## THE DATA
━━━━━━━━━━━━━━━━
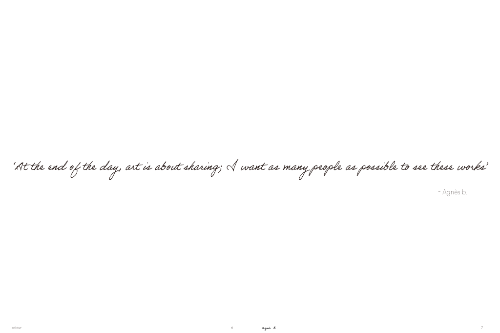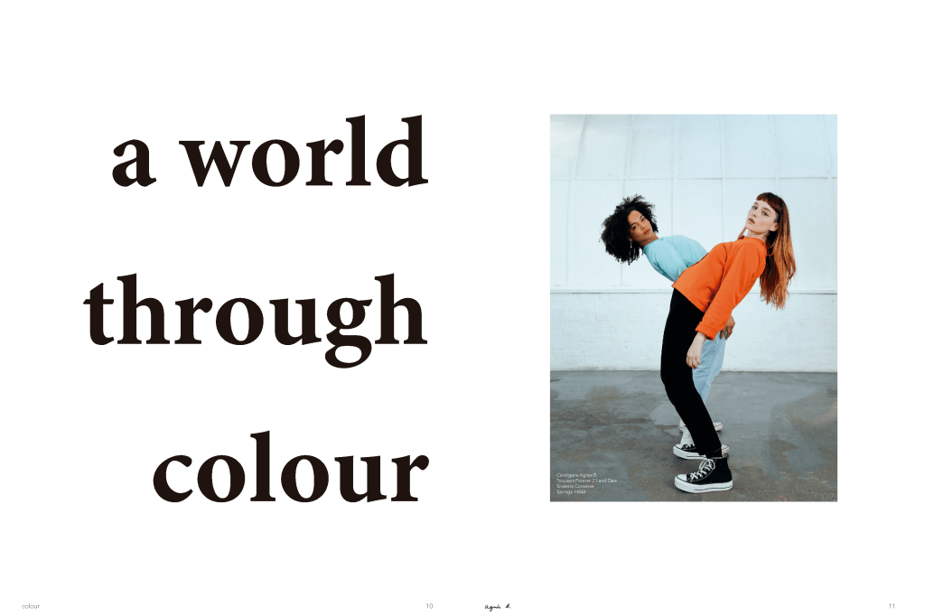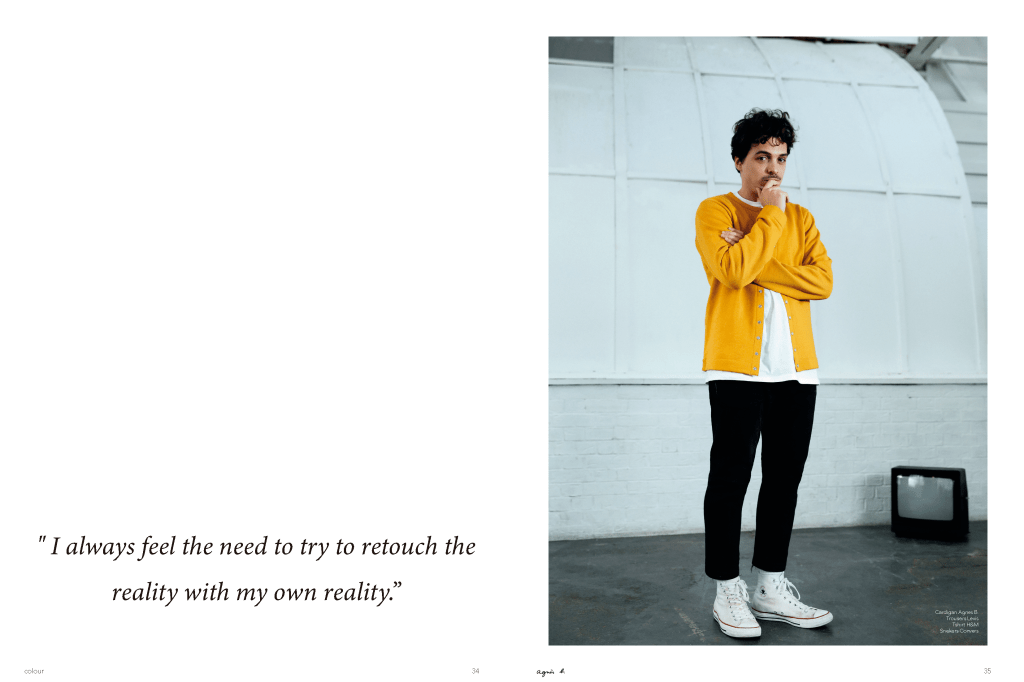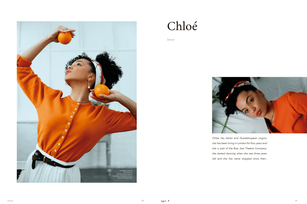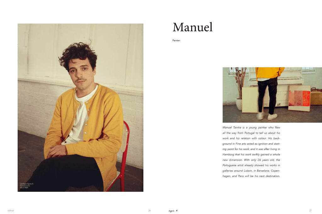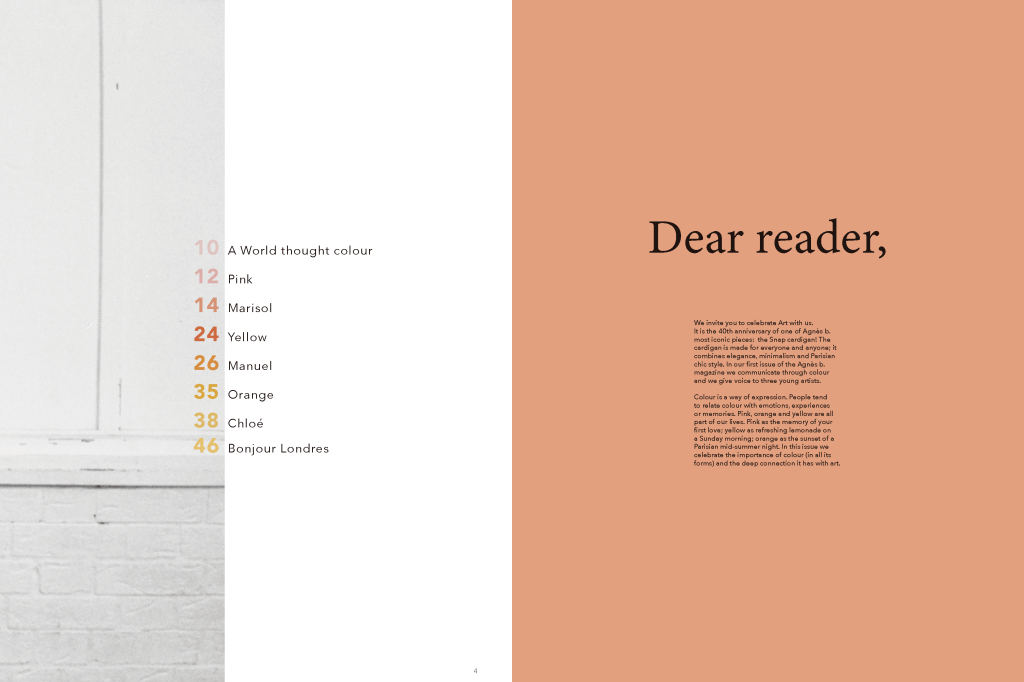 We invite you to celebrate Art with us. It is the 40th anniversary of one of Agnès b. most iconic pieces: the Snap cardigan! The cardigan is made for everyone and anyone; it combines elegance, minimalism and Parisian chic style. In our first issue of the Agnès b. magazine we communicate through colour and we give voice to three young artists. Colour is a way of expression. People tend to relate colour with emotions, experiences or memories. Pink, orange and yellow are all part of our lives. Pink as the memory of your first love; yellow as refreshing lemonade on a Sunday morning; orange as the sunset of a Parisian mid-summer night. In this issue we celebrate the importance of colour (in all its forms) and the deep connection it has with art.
━━━━━━━━━━━━━━━━
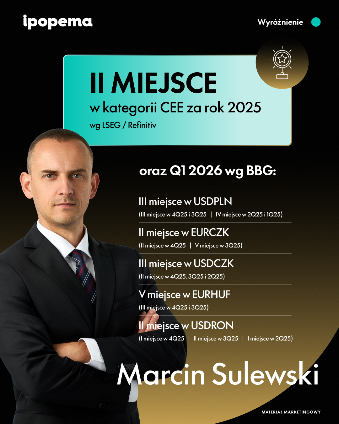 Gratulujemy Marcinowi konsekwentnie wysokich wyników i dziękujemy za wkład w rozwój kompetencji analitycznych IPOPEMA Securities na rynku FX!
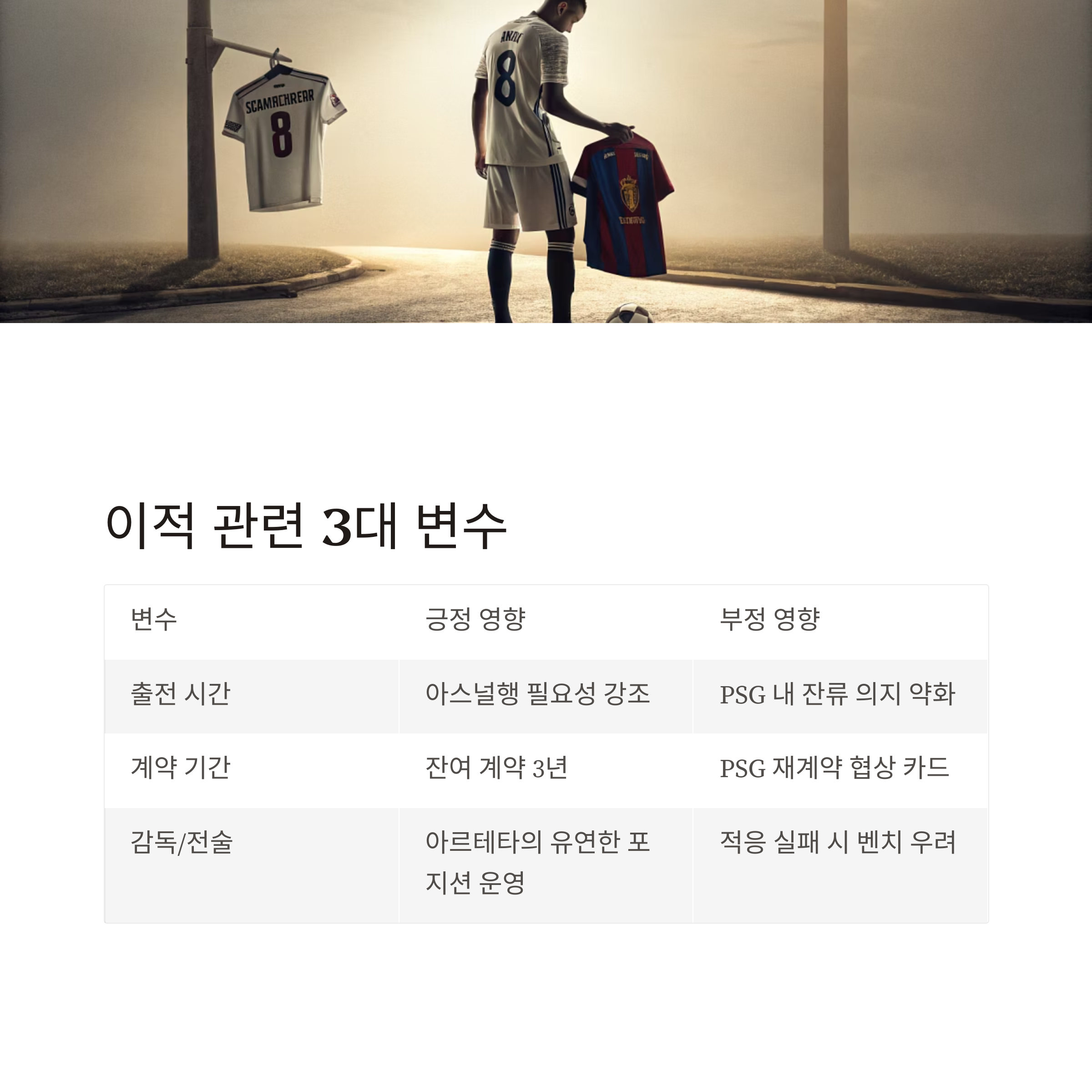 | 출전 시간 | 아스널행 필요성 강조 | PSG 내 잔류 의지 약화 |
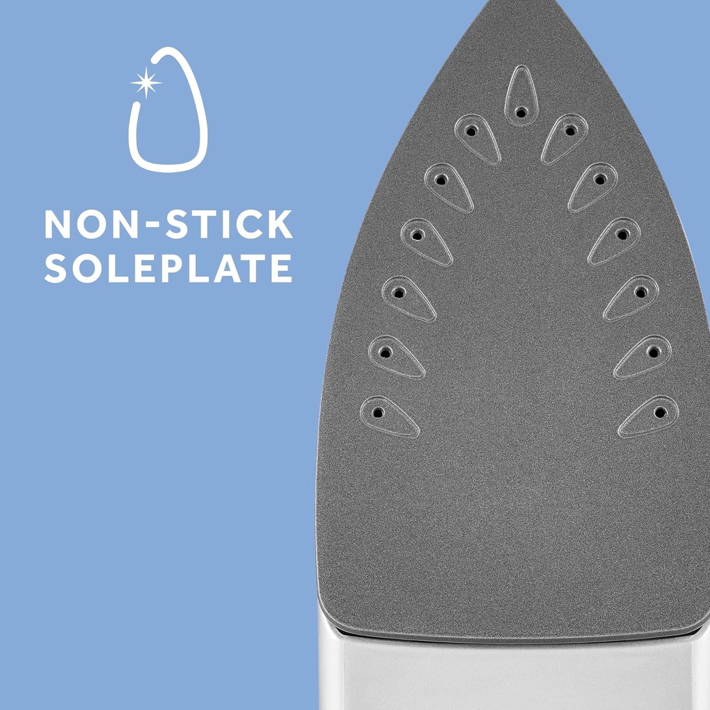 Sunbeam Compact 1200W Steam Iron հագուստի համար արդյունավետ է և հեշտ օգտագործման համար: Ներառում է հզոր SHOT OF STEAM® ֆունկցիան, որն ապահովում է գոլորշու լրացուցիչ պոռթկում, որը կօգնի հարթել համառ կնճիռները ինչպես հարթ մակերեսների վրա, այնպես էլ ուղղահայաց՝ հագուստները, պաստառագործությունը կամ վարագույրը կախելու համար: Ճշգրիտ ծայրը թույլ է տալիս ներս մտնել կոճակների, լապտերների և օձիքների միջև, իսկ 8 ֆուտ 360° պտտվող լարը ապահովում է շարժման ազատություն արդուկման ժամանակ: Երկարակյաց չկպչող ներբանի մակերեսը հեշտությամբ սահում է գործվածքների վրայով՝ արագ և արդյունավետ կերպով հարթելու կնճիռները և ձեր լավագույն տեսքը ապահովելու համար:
━━━━━━━━━━━━━━━━
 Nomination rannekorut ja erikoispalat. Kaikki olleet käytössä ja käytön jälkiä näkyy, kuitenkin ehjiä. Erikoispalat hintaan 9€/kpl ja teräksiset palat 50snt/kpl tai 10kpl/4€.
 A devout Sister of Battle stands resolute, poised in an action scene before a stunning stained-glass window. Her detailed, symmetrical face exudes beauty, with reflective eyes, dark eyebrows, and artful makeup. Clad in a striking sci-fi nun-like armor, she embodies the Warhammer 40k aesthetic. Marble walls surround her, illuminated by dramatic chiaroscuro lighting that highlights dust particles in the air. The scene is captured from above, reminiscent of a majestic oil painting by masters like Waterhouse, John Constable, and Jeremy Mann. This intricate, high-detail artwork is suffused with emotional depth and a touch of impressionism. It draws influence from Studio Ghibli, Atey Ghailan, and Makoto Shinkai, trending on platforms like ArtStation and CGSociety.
━━━━━━━━━━━━━━━━
## EXERCISE AIM
Using the data above, set down each line from the line with "Gratulujemy Marcinowi konsekwentnie" to the line with "Sunbeam Compact 1200W" exactly, both ends included, and leave the pictures behind. Nothing else belongs.

## WRITTEN ANSWER
 Gratulujemy Marcinowi konsekwentnie wysokich wyników i dziękujemy za wkład w rozwój kompetencji analitycznych IPOPEMA Securities na rynku FX!
 | 출전 시간 | 아스널행 필요성 강조 | PSG 내 잔류 의지 약화 |
 Sunbeam Compact 1200W Steam Iron հագուստի համար արդյունավետ է և հեշտ օգտագործման համար: Ներառում է հզոր SHOT OF STEAM® ֆունկցիան, որն ապահովում է գոլորշու լրացուցիչ պոռթկում, որը կօգնի հարթել համառ կնճիռները ինչպես հարթ մակերեսների վրա, այնպես էլ ուղղահայաց՝ հագուստները, պաստառագործությունը կամ վարագույրը կախելու համար: Ճշգրիտ ծայրը թույլ է տալիս ներս մտնել կոճակների, լապտերների և օձիքների միջև, իսկ 8 ֆուտ 360° պտտվող լարը ապահովում է շարժման ազատություն արդուկման ժամանակ: Երկարակյաց չկպչող ներբանի մակերեսը հեշտությամբ սահում է գործվածքների վրայով՝ արագ և արդյունավետ կերպով հարթելու կնճիռները և ձեր լավագույն տեսքը ապահովելու համար:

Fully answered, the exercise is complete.